When coaxial cable distributes data in commercial environments, the BNC connector is often used. BNC stands for Bayonet Neill-Concelman, which describes both the method of securing the connection and its inventors. Many other expansions of this acronym exist, including British Naval Connector, Bayonet Nut Coupling, Bayonet Navy Connector, and so forth. Used with RG-6, RG-58A/U thinnet, RG-59, and RG-62 coax, the BNC utilizes a center pin, as in the N-connector, to accommodate the stranded center conductors usually found in data coax.

The BNC connector comes as a crimp-on or a design that screws onto the coax jacket. As with the F-connector, the screw-on type is not considered reliable and should not be used. The rigid pin that goes over the center conductor may require crimping or soldering in place. The rest of the connector assembly is applied much like an F-connector, using a crimping die made specifically for a BNC connector.

Fiber-optic connections use different terminology than copper based connectors. The male end of the connection in a fiber-optic system is termed the connector, in contrast to the plug in a copperbased system. The female end of the connection is termed the receptacle or adapter, in contrast to the jack in a copper-based system.

To transmit data up to 10Gbps, two fibers are typically required: one to send and the other to receive. For 40Gbps and 100Gbps over multimode, as many as 24 fibers will be required. Fiber optic connectors fall into one of three categories based on how the fiber is terminated:

• Simplex connectors terminate only a single fiber in the connector assembly.
• Duplex connectors terminate two fibers in the connector assembly.
• Array connectors terminate more than two fibers (typically 12 or 24 fibers) in the connector assembly.

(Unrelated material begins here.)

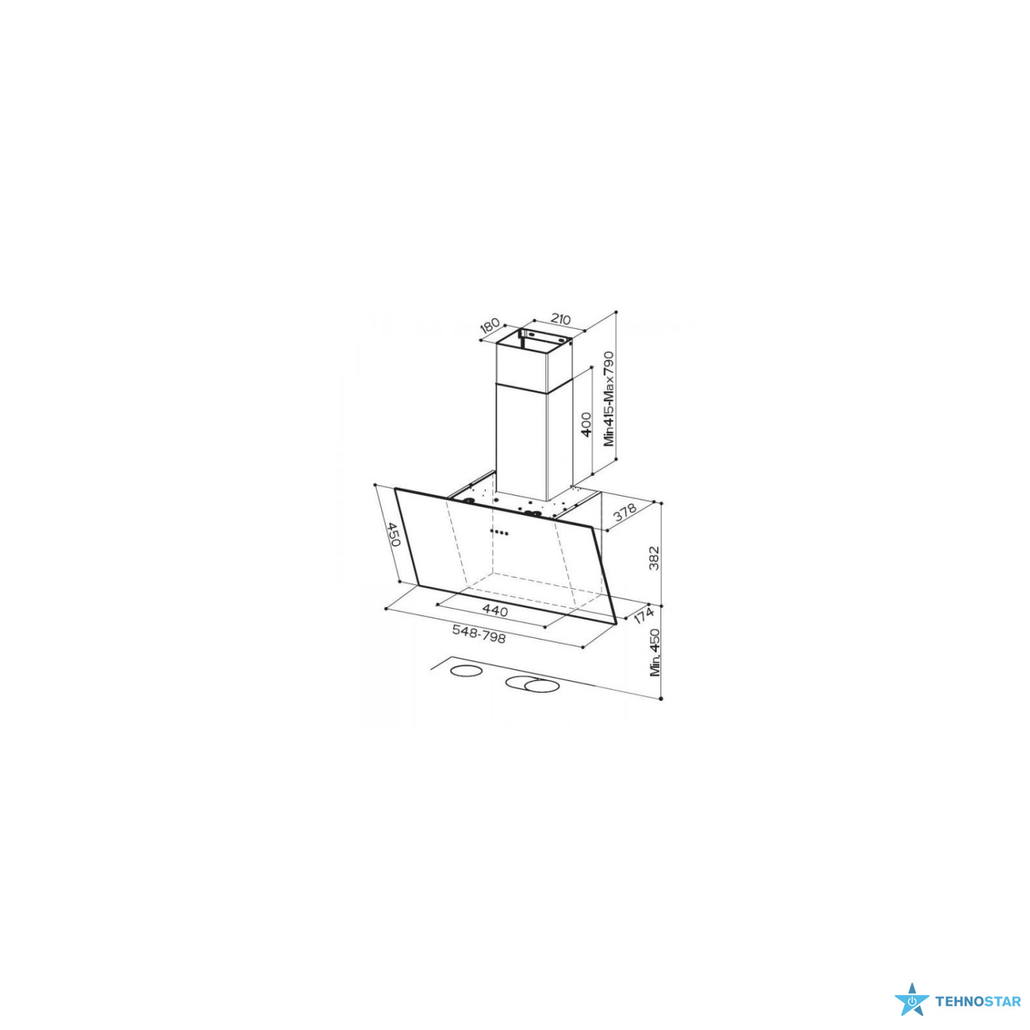 Витяжка шириною 55 см, що робить її компактною та ідеально підходить для кухонь з обмеженим простором або для малих розмірів кухонь. Вона має форму, що надає стильний і сучасний вигляд кухні користувача. Також має чорний колір, який надає елегантності та контрасту дизайну кухні. Витяжка оснащена вбудованим LED-освітленням, яке надає достатньо світла на робочій поверхні кухні. Витяжка використовує потужний вентилятор та ефективну систему фільтрації для ефективного видалення шкідливих речовин, диму та запахів з кухні, забезпечуючи свіже повітря у приміщенні.

The disadvantage of simplex connectors is that you have to keep careful track of polarity. In other words, you must always make sure that the connector on the “send” fiber is always connected to the “send” receptacle (or adapter) and that the “receive” connector is always connected to the “receive” receptacle (or adapter). The real issue is when normal working folk need to move furniture around and disconnect from the receptacle in their work area and then get their connectors mixed up. Experience has shown us that the connectors are not always color coded or labeled properly. Getting them reversed means, at the least, that link of the network won’t work.

Array and duplex connectors and adapters take care of this issue. Once terminated, color coding and keying ensures that the connector can be inserted only one way in the adapter and will always achieve correct polarity.

As transmission rates increase and networks require the cramming in of a greater number of connections, the industry has developed small-form-factor (SFF) connectors and adapter systems for fiber-optic cables. The SC, ST, and FC Connectors shown in Table 10.5 all take up more physical space than their RJ-45 counterparts on the copper side. This makes multimedia receptacle faceplates a little crowded and means that you get fewer terminations (lower density) in closets and equipment rooms than you can get with copper in the same space. The goal for the designers of the SFF connector was to create an optical-fiber connector with the same or lower crosssectional footprint as an RJ-45-style connector in order to increase the number of connections per area (higher density). The LC, the VF-45, and the MT-RJ SFF fiber-optic connectors were initially developed to support the increase in density of fiber connections. The LC Connectoris gaining greater use and is regarded by many optical-fiber professionals.